2-(5-Chloro-1H-indol-3-yl)-3-(2-nitrophenyl)-2,3-dihydroquinazolin-4(1H)-one (5l). Yield 84%, white solid, mp 211–213°C. IR spectrum, ν, cm–1: 3486 br (N–H), 1686 s (C=O). 1H NMR spectrum, δ, ppm: 5.90 s (1H, CH), 7.30–8.90 m (12H, Harom), 10.00 s (1H, NH, D2O exchangeable). 13C NMR spectrum, δC, ppm: 101.29, 103.48, 105.57, 106.15, 108.37, 110.58, 112.67, 113.45, 113.75, 114.22, 116.38, 119.05, 120.47, 124.63, 125.82, 127.41, 129.67, 160.79. Mass spec­trum: m/z 419.30 [M + H]+. Calculated for C22H15ClN4O3: M 418.08.

2-(5-Chloro-1H-indol-3-yl)-3-(3-nitrophenyl)-2,3-dihydroquinazolin-4(1H)-one (5m).
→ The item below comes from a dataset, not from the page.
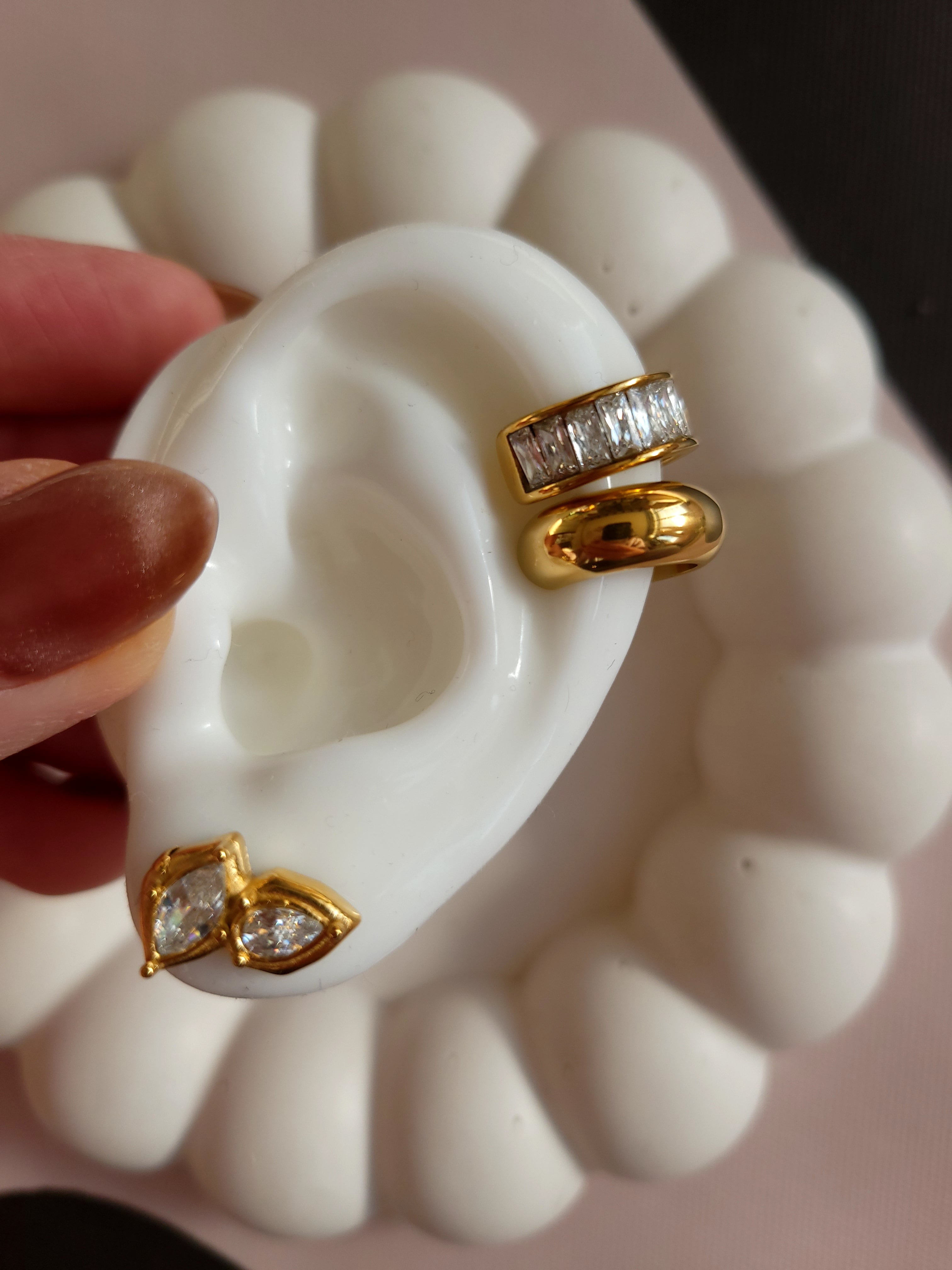 透明感のあるストーンを重ねたミニマルなデザインピアス。

Yield 84%, white solid, mp 213–215°C. IR spectrum, ν, cm–1: 3480 br (N–H), 1679 s (C=O). 1H NMR spectrum, δ, ppm: 5.86 s (1H, CH), 7.25–8.87 m (12H, Harom), 10.12 s (1H, NH, D2O exchangeable). 13C NMR spec­trum, δC, ppm: 101.14, 103.37, 105.46, 106.08, 108.27, 110.24, 112.52, 113.31, 113.64, 114.15, 116.47, 119.12, 120.43, 124.55, 125.70, 127.38, 129.50, 160.66. Mass spectrum: m/z 419.15 [M + H]+. Calculated for C22H15ClN4O3: M 418.08.
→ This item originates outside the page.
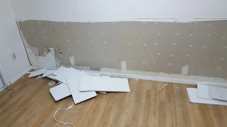 석고 타일을 접착시키기 위해 사용했던 접착제의 덩어리들이 뭉쳐서 벽마다 튀어나와 있었어요. 이를 공구로 제거하고 평평하게 만드는 게링작업(표면을 매끄럽게 하기 위해 이물질을 제거해주는 작업)을 진행했죠.

2-(5-Chloro-1H-indol-3-yl)-3-(4-methoxy­phe­nyl)-2,3-dihydroquinazolin-4(1H)-one (5n). Yield 91%, white solid, mp 220–222°C. IR spectrum, ν, cm–1: 3471 br (N–H), 1653 s (C=O). 1H NMR spec­trum, δ, ppm: 3.89 s (3H, OCH3), 5.69 s (1H, CH), 7.25–8.78 m (12H, Harom), 10.05 s (1H, NH, D2O exchangeable). 13C NMR spectrum, δC, ppm: 101.23, 103.45, 105.57, 106.18, 108.35, 110.36, 112.60, 113.20, 113.74, 114.26, 116.50, 119.16, 120.57, 124.62, 125.81, 127.40, 129.63, 160.71. Mass spec­trum: m/z 404.10 [M + H]+. Calculated for C23H18ClN3O2: M 403.11.

CONCLUSIONS

The syntheses of novel 2,3-dihydroquinazolin-4(1H)-one derivatives of potential synthetic and pharmacological interest via one-pot three-component and alternative methods using L-proline and L-propline/K2CO3 as catalyst in water have been described. The desired products have been obtained in high yields without any unwanted by-products. The new protocol features operational simplicity, high atom economy, and broad substrate scope. Further applica­tion of this protocol to total synthesis of biologically important natural products and more detailed mecha­nistic studies for this transformation are currently underway in our laboratory.